Instructions to follow: Take the entries below and reproduce exactly the portion that begins at the line containing "별내동에 위치한 (주)보광타이어(대표" and ends at the line containing "快速录制视频,制作1:1真人", keeping both ends, dropping pictures, and adding nothing else.
**** Records shown ****
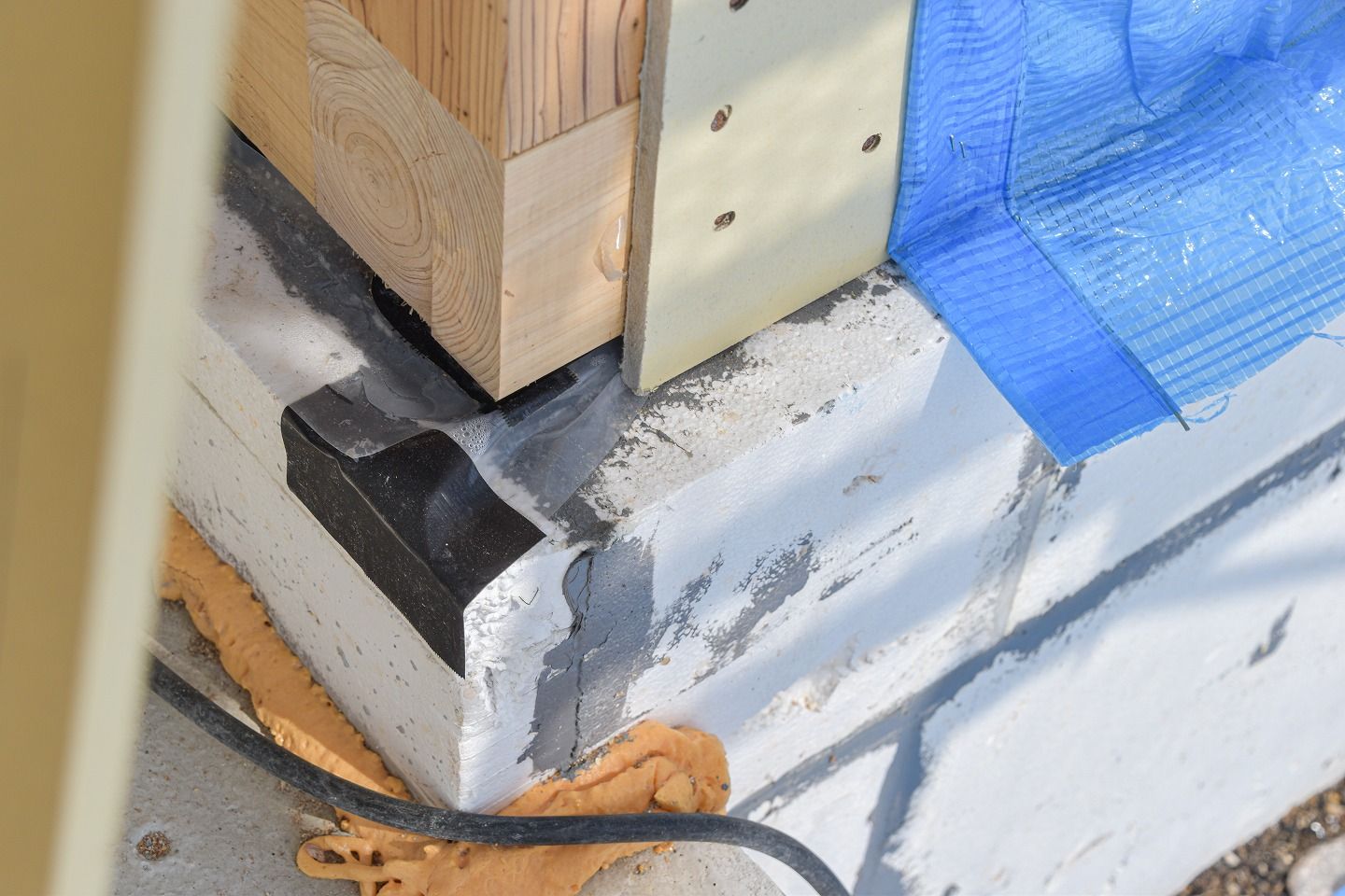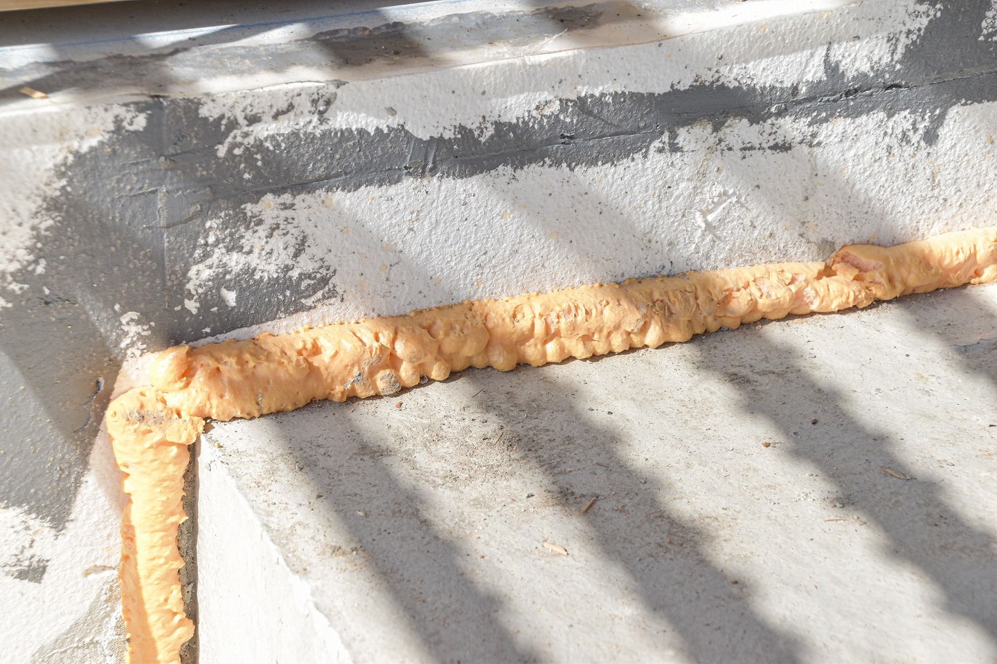 ▼このオレンジのもこもこしたものは、断熱とシロアリの防蟻効果もあるウレタン。細かな隙間もしっかり処理していきます。
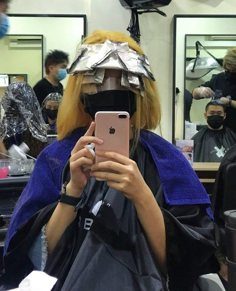 在某一天,刷IG的时候,看到hair label 理发屋的广告,看到他们的星空发色,很漂亮。于是,留言讯息他们说我有兴趣,询问价钱。但问了价钱之后,我没有立即的下预订,是因为我还在想是否要去,毕竟我也很少出门。呵呵呵~ 但是,我最后还是忍不住了,向他们预订时间染头发了。
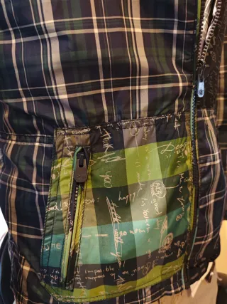 Cazadora con un diseño llamativo y original. - Estampado a cuadros. - Detalles en verde y multicolor.
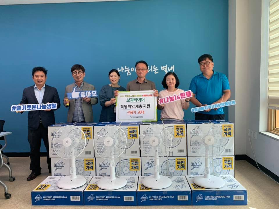 별내동에 위치한 (주)보광타이어(대표 김태환)에서 북부희망케어센터에 선풍기 20대를 전달해주셨다. 올해는 작년에 비해 무더위가 더 빨리 찾아올 거라는 소식을 들으시고 다가 올 폭염에 대비해 선풍기 20대를 흔쾌히 지역사회 소외계층을 위해 사용해달라며 전달해주셨다. 전달해주신 선풍기는 지역사회 소외계층을 위해 사용 될 예정이다. 또한, 보광타이어 김태환 대표님은 후원품 뿐 아니라 평소 결연 후원을 통해 많은 아동들의 생계비와 교육비에 지원을 해주고 계신다.
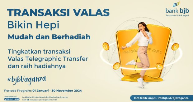 “Program bjb Vaganza Tahun 2024 adalah wujud apresiasi kami kepada nasabah yang aktif dalam melakukan transaksi valuta asing dengan bank bjb,” ujar Widi.
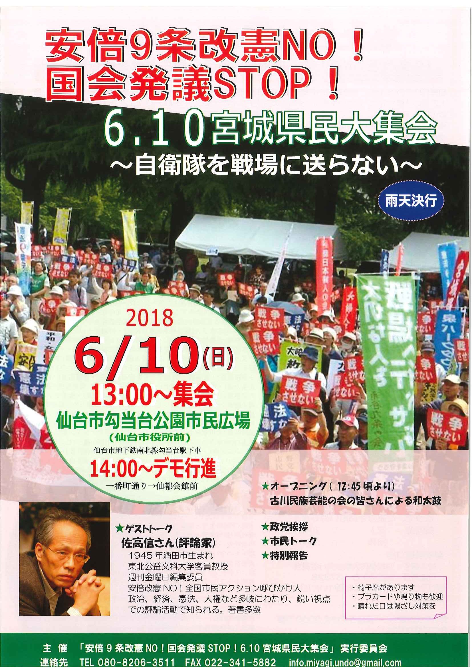 【集会のお知らせ】6.10宮城県民大集会~自衛隊を戦場に送らない~【日時:6月10日(日)13:00~(集会) 14:00~(デモ行進) 場所:仙台市勾当台公園市民広場(仙台市役所前)】 2018/05/15
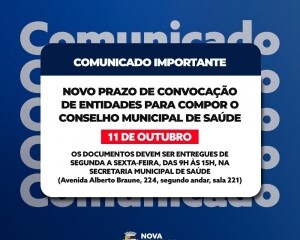 NOVO PRAZO DE CONVOCAÇÃO PARA HABILITAÇÃO DE ENTIDADES PARA COMPOR O CONSELHO MUNICIPAL DE SAÚDE
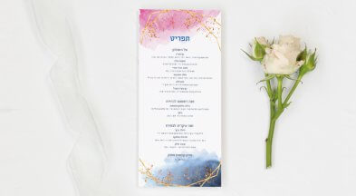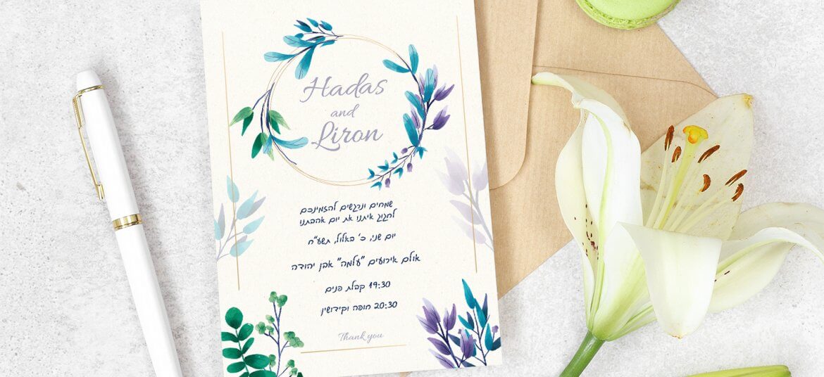 |הזמנה מודפסת על נייר 300 גרם, בעיצוב מראה של צבעי מים ושילוב צורה גיאומטרית בצבע זהב, הניתנת להחלפה בפויל זהב או כסף.
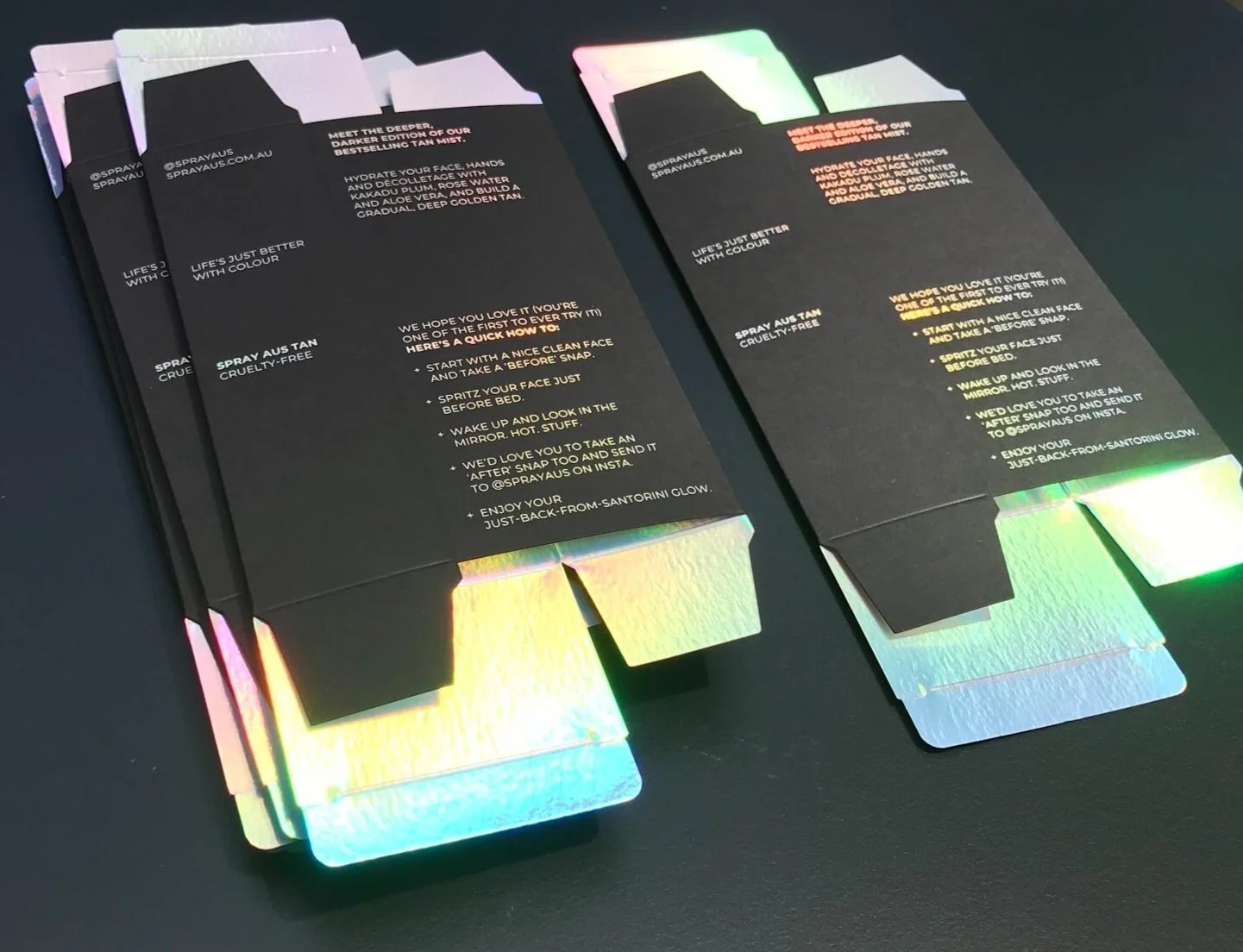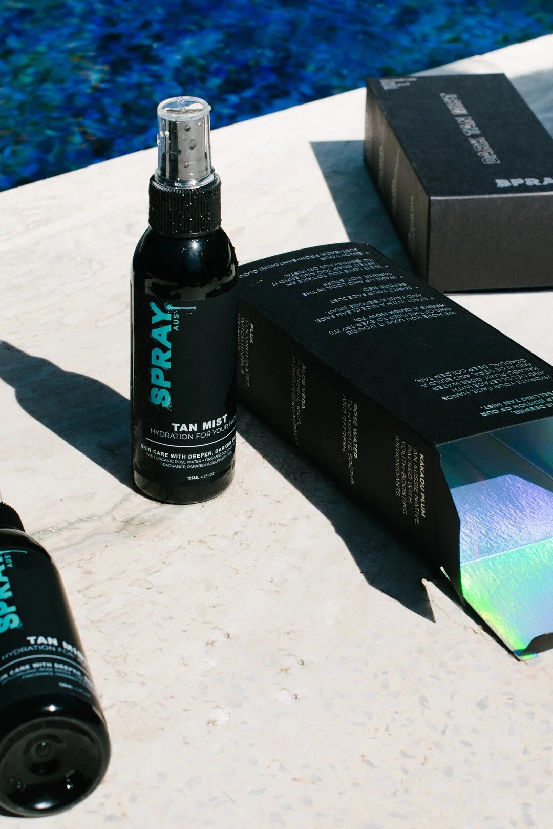 Holographic foil and black textured substrate brings the DARK TAN MIST to the fore and accents the black DARK TAN MIST bottle perfectly.
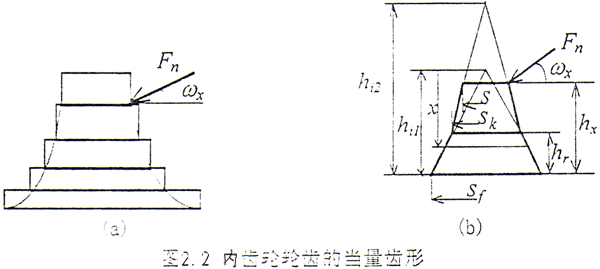 本文將輪齒的齒廓劃分為二個梯形,用二個梯形的彎曲變形、剪切變形、由輪齒基體的彈性傾斜所引起的輪齒的的變形以及輪齒的材料壓縮變形來模擬內(nèi)齒的輪齒變形,故稱之為二梯形當量齒形法。這樣處理與Marmol的方法相比更接近實際的齒廓形狀,而且與外嚙合輪齒的梯形加矩形模型正好對應(yīng)。下面就介紹二梯形當量齒形法,將內(nèi)齒輪輪齒劃分為上、下二個梯形,如圖2.2b所示。
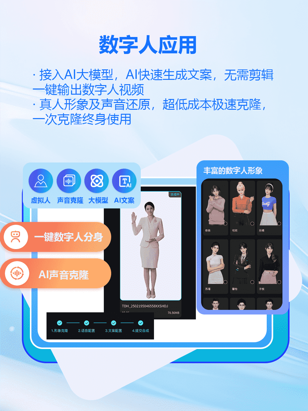 快速录制视频,制作1:1真人虚拟数字分身分身通过输入文本即可AI驱动生成虚拟人视频替代真人出镜满足多场景应用需求,高效便捷
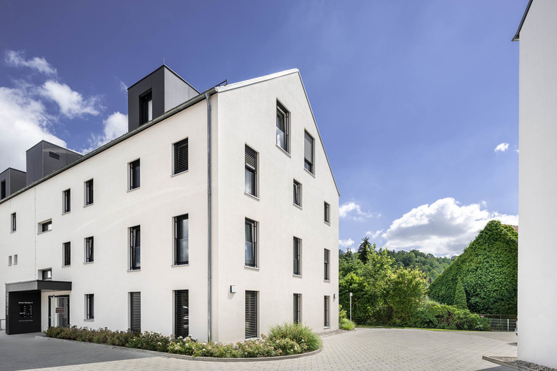 Auch die gestalterische Herangehensweise war den Anforderungen an das Bauen im ländlichen Raum angemessen. Die Eigenheiten und örtlichen Besonderheiten wurden herausarbeitet, im Kern erfasst und für den Entwurf nutzbar gemacht. Elemente und Prinzipien des umliegenden Bestands wurden in Zusammenarbeit von Architekten, Handwerkern und Bauherrenschaft weiterentwickelt und neu interpretiert. Dabei wurde einerseits Wert auf typische traditionelle Erscheinungsformen gelegt – anderseits ist die bauliche Veränderung auch deutlich als neue Zutat erkennbar. Die Architekten des Architekturbüro Nething Generalplaner GmbH verfolgten für das Quartier das Konzept einer „gebrochenen“ Häuserzeile. Das heißt, sie positionierten keinen kompakten Häuserblock auf das freie Grundstück, sondern planten drei versetzte Gebäude mit Giebeldächern, die sich harmonisch in das Ortsbild integrieren. Mit klaren Gebäudeformen, modernen Grundrissen sowie nachhaltiger Bauweise wurden auch die drei Hauptkriterien des Bauherrn erfüllt. So sind attraktive Baukörper in zeitgemäßer Architektur und einer gehobenen, barrierefreien Ausstattung entstanden. Um Wertbeständigkeit und ökologische Verträglichkeit zu steigern, wurden die Häuser komplett in Ziegelmassivbauweise ausgeführt.
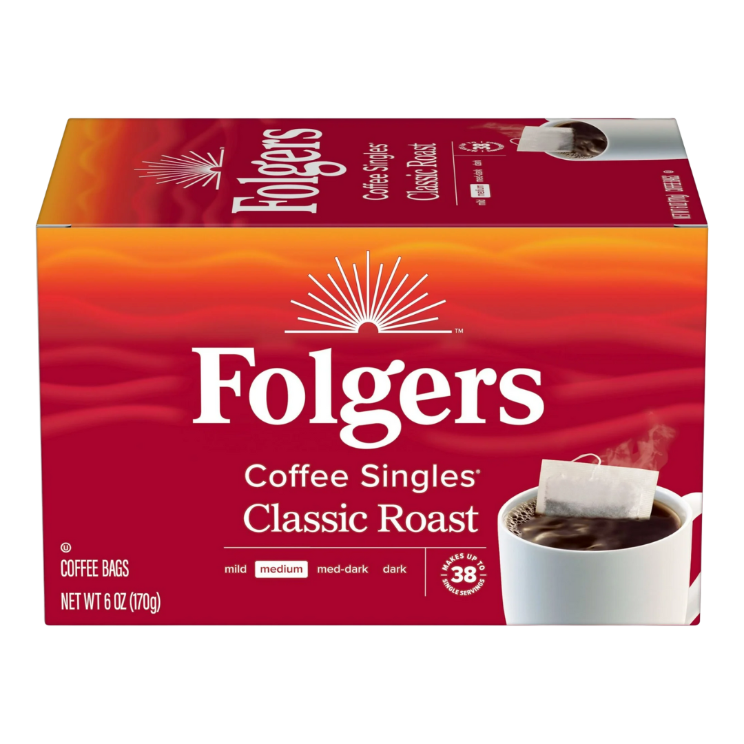 - Contains one (1) 38 count package of Folgers Coffee Singles Classic Roast Coffee Bags, 38 Count
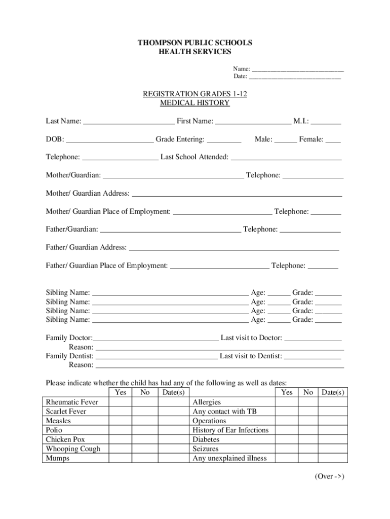 THOMPSON PUBLIC SCHOOLS HEALTH SERVICES Name: Date: REGISTRATION GRADES 112 MEDICAL HISTORY Last Name: First Name: M.I.: DOB: Grade Entering: Male: Female: Telephone: Last School Attended: Mother/Guardian:
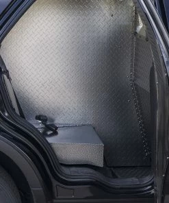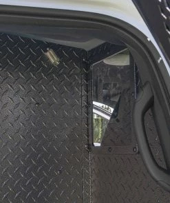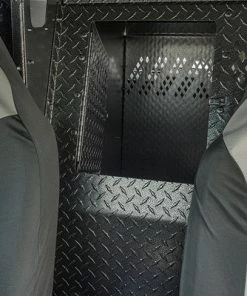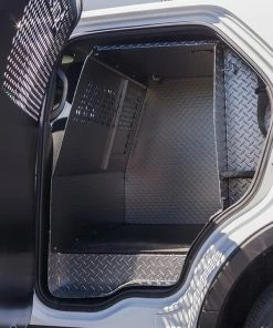 12″ x 15″ opening with door provides easy access to K9 from the front seat to be able to calm the canine. This vehicle specific design is very easy to install and bolts securely to vehicle floor with simple hand tools. Designed to maximize use of front seats. Manufactured from heavy-duty aluminum for maximum durability. Beautiful & long lasting black/silver vein powder coat finish. Works great with our 3 Drawer Locking Storage Cabinet. Approximate kennel inside dimensions: 34″ (front) / 26″ (back) W x 42″ L x 28″ H Door and window guards are included free of charge when you purchase a Police K-9/Passenger Vehicle Insert. These guards are cut from a single piece of 18 gauge steel and have no seams or welds. CNC machining is used for an exact fit on your vehicle. Durable black fleck two step powder coat finish. Includes self-drilling screws for easy installation with pre-drilled mounting holes. Made and designed by Activedogs.com in the USA.
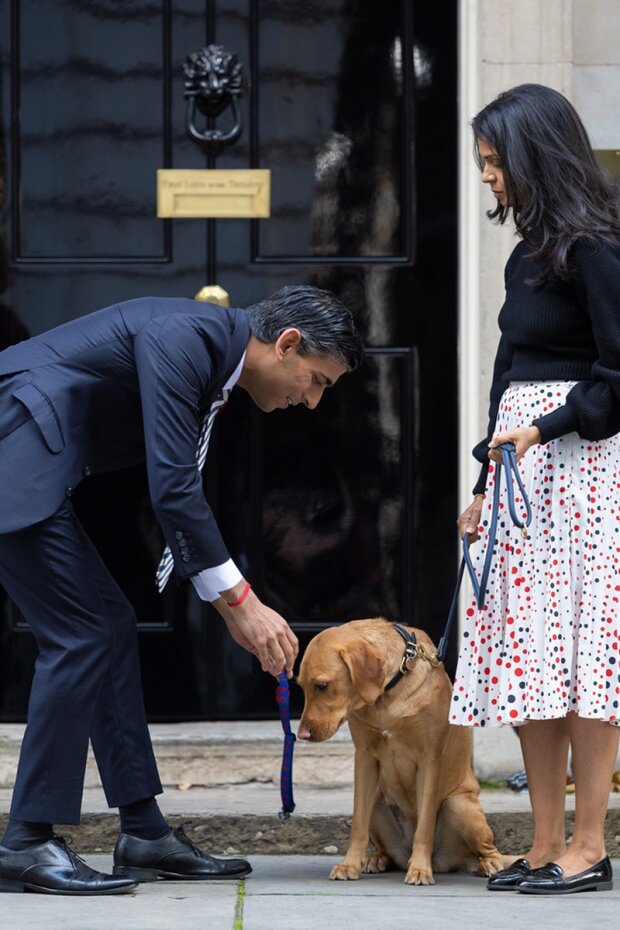 Daily Mail sdílel video Rishi Sunaka a jeho manželky Akshaty Murthy, jak jdou po chodbě Downing Street číslo 10 se svým nejnovějším členem rodiny, labradorským retrívrem jménem Nova.
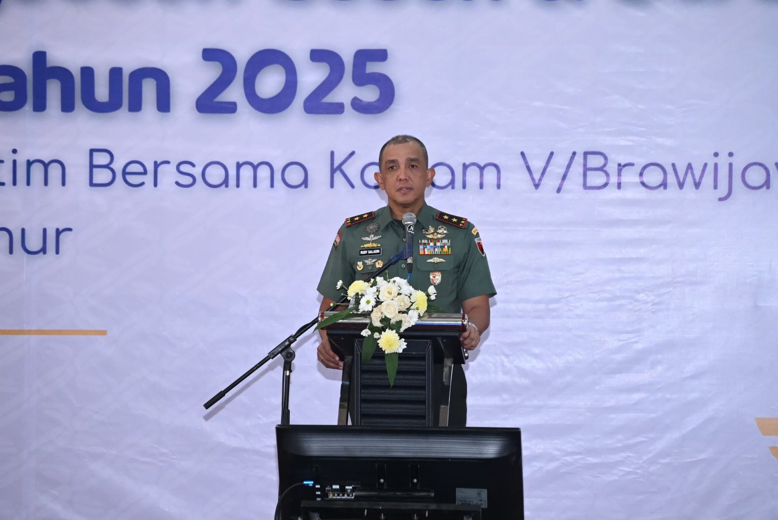 Sidoarjo |Jatim | Pangdam V/Brawijaya, Mayjen TNI Rudy Saladin, M.A, menghadiri rapat koordinasi sosialisasi pengadaan beras atau gabah yang digelar gudang Bulog Kecamatan Buduran, Sidoarjo. Rabu (22/01/2025).
****
Final answer:
 별내동에 위치한 (주)보광타이어(대표 김태환)에서 북부희망케어센터에 선풍기 20대를 전달해주셨다. 올해는 작년에 비해 무더위가 더 빨리 찾아올 거라는 소식을 들으시고 다가 올 폭염에 대비해 선풍기 20대를 흔쾌히 지역사회 소외계층을 위해 사용해달라며 전달해주셨다. 전달해주신 선풍기는 지역사회 소외계층을 위해 사용 될 예정이다. 또한, 보광타이어 김태환 대표님은 후원품 뿐 아니라 평소 결연 후원을 통해 많은 아동들의 생계비와 교육비에 지원을 해주고 계신다.
 “Program bjb Vaganza Tahun 2024 adalah wujud apresiasi kami kepada nasabah yang aktif dalam melakukan transaksi valuta asing dengan bank bjb,” ujar Widi.
 【集会のお知らせ】6.10宮城県民大集会~自衛隊を戦場に送らない~【日時:6月10日(日)13:00~(集会) 14:00~(デモ行進) 場所:仙台市勾当台公園市民広場(仙台市役所前)】 2018/05/15
 NOVO PRAZO DE CONVOCAÇÃO PARA HABILITAÇÃO DE ENTIDADES PARA COMPOR O CONSELHO MUNICIPAL DE SAÚDE
 |הזמנה מודפסת על נייר 300 גרם, בעיצוב מראה של צבעי מים ושילוב צורה גיאומטרית בצבע זהב, הניתנת להחלפה בפויל זהב או כסף.
 Holographic foil and black textured substrate brings the DARK TAN MIST to the fore and accents the black DARK TAN MIST bottle perfectly.
 本文將輪齒的齒廓劃分為二個梯形,用二個梯形的彎曲變形、剪切變形、由輪齒基體的彈性傾斜所引起的輪齒的的變形以及輪齒的材料壓縮變形來模擬內(nèi)齒的輪齒變形,故稱之為二梯形當量齒形法。這樣處理與Marmol的方法相比更接近實際的齒廓形狀,而且與外嚙合輪齒的梯形加矩形模型正好對應(yīng)。下面就介紹二梯形當量齒形法,將內(nèi)齒輪輪齒劃分為上、下二個梯形,如圖2.2b所示。
 快速录制视频,制作1:1真人虚拟数字分身分身通过输入文本即可AI驱动生成虚拟人视频替代真人出镜满足多场景应用需求,高效便捷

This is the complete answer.